======== Data section

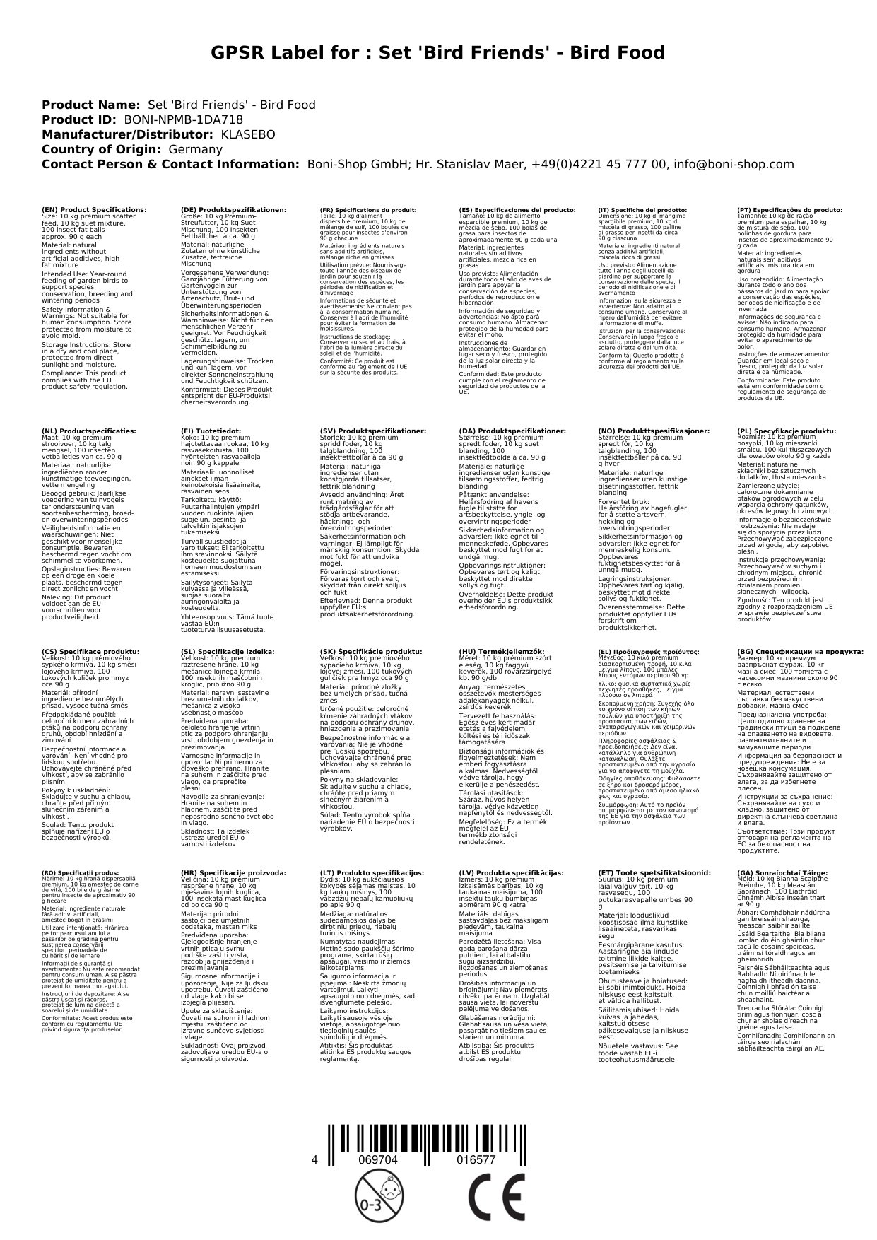 Stellen Sie eine Frage, um mehr über das Produkt zu erfahrenVogelfutter Set Ganzjahres 30kg - Premium Wildvogelfutter mit Streufutter 10kg, 100 Insektenfettbällchen ohne Netz und Hochenergetischem Suetfutter 10kg
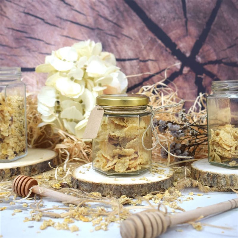 Hexagonal Glass Jar 180ml with Gold Lid, ideal for preserves, sauces, jams, and condiments.
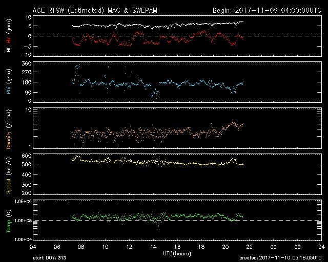一時510km/s前後まで下がりましたが、また少し上がり、現在は540km/s前後で推移しています。(速度にはバラツキあり)
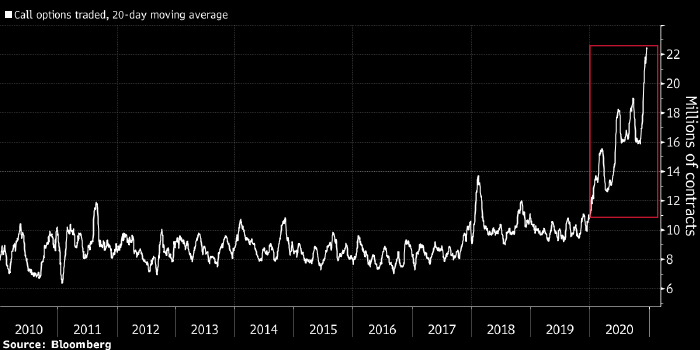 Приведенный выше график отражает динамику среднего 20-дневного объема торгов колл-опционами на акции на площадках США (в млн контрактов). Источник: Charles Schwab, Bloomberg

================

Output precisely the lines in the material above from the line containing "一時510km/s前後まで下" through its last line, and omit pictures.

-- Your solution --
一時510km/s前後まで下がりましたが、また少し上がり、現在は540km/s前後で推移しています。(速度にはバラツキあり)
 Приведенный выше график отражает динамику среднего 20-дневного объема торгов колл-опционами на акции на площадках США (в млн контрактов). Источник: Charles Schwab, Bloomberg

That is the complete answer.